The dialogue on buildings and energy is quickly shifting. Not that many years ago the focus was on the push for more efficient equipment—an HVAC unit with a higher SEER. Then came the recognition that such progress had both practical limits and limits written into the laws of physics. Attention began to shift to systems thinking—how to leverage efficiency from the purposeful integration of systems and subsystems, which soon meant all the systems and subsystems of the building. Not everywhere, but certainly on the frontier, thinking about energy and buildings became increasingly holistic.
Holistically conceived buildings opened the prospect of integrated communities of buildings, and then of such communities integrated with the grid—and with microgrids opened new ways to imagine power generation, the building-grid interface, and grid load management. Holistic buildings also pointed to new ideas about the role of design, the importance of the building envelope, and new roles for controls in overall building-energy strategy.
However, a remaining gap in the marketplace existed—between what was possible and what was likely to be done, between life-cycle costing and the first-cost buying that predominated, between the science of buildings and the practice of energy efficiency. The national and international dialogues had their ups and downs, and some remarkable buildings appeared. But market transformation still seemed well over the horizon.
That is changing. We saw it at our EnVisioneering Symposium on resilience last year. Cities are starting to act on both resilience and energy efficiency. And even more is happening now.
One item especially stands out. At the heart of the shift that is needed is a shift in focus from prescription to performance. We need not to tell builders what to build, but rather how what they build needs to perform. And that means we need to know how buildings are performing. But with a few pretty limited exceptions, we did not know. And we could not expect to know. Because building performance was not transparent. The key data was confidential, and not all that much data was being gathered. Generally speaking, buildings were a black box.
That box now appears to be opening. It is being opened by cities that are making, or moving to make, firm commitments to cutting carbon emissions and to providing a genuinely resilience infrastructure. Their determination to make a basic change in the way buildings perform—to be dramatically more efficient and resilient—is creating the conditions for transformation. Opportunities are becoming actionable. We can make what is possible a reality.

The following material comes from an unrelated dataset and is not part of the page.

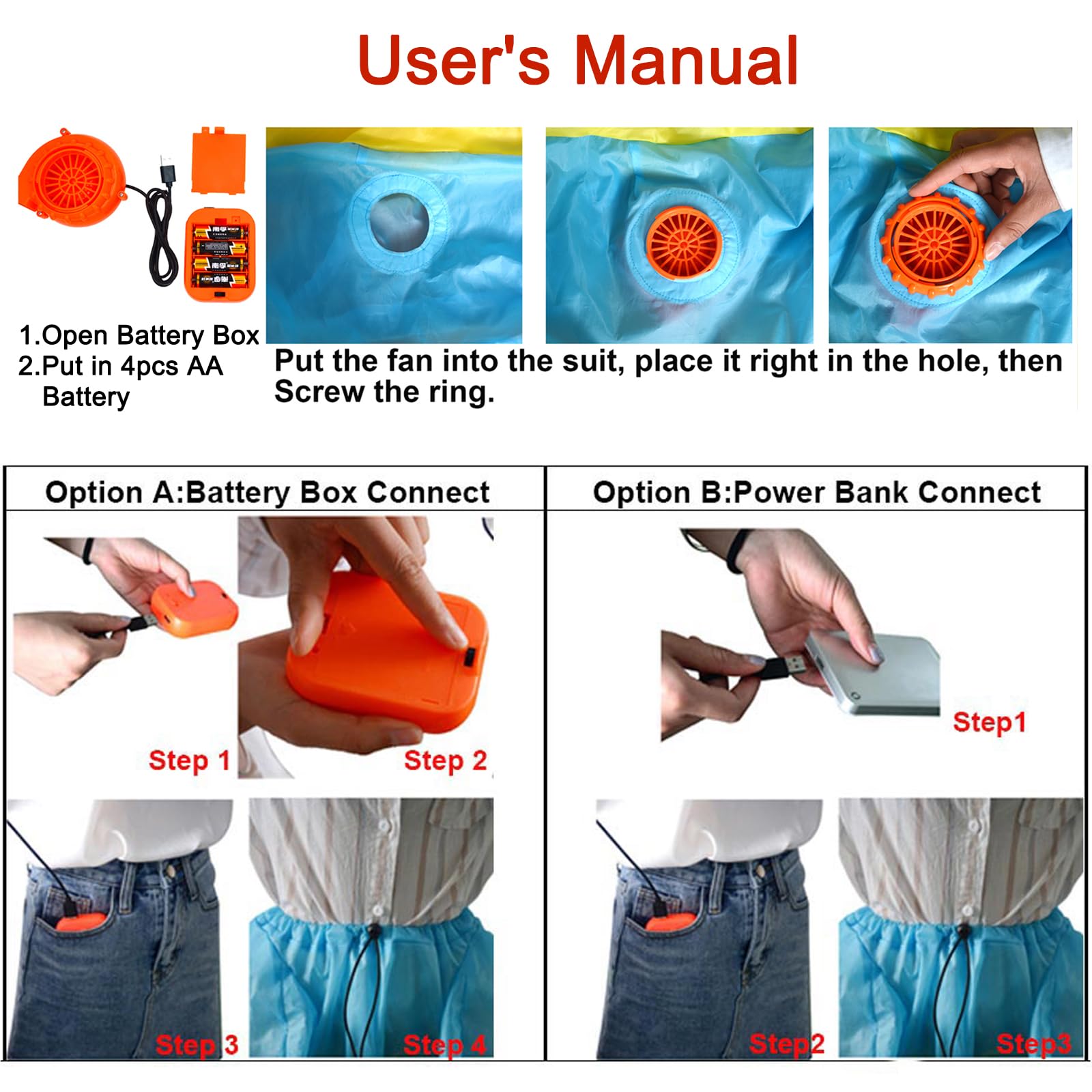 ZISUEX INFLATABLE SHARK COSTUME PACKAGE INCLUDE:Shark halloween costume come with 1 x pink shark inflatable costume,1 x usb mini fan blower(not including battery), inflatable shark costume mini fan requires 4 AA batteries and USB connected mobile power
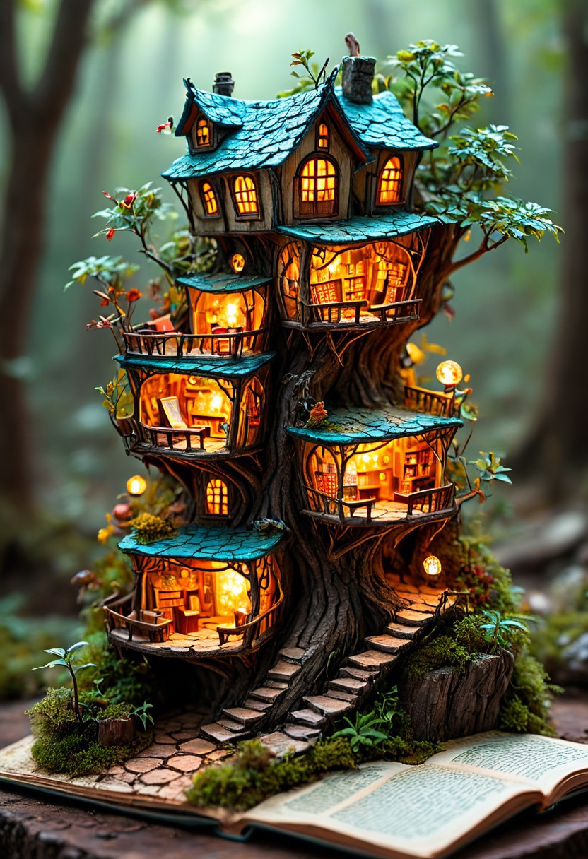 tilt-shift macro photo, best quality surreal double exposure painting on cracked paper, tiny enchanted fantasy forest library, miniature glowing bookshelves, intricate treehouse structures, minuscule fairies reading, microscopic lanterns illuminating cracked-paper pathways, insanely detailed surreal textures, selective focus, blurred whimsical background, vibrant colors, hyperdetailed foliage, centered composition, cinematic angle, perspective control, <lora:Midjourney_-_SemiReal_Dreams_FLUX_LoRA:1>,<lora:hyper-detail-illustration:1>

But that action will come through building retrofits. The American building stock as a whole turns over at a rate of 1% per year. Transformation that takes a century to complete is not transformation. Its evolution—and it’s not what we need. That means the existing building stock needs to be retrofitted for efficiency and resilience, and those retrofits need to be deep. There are many obstacles to deep retrofits. They may well add up to the last hard nut to crack. But it has to be cracked.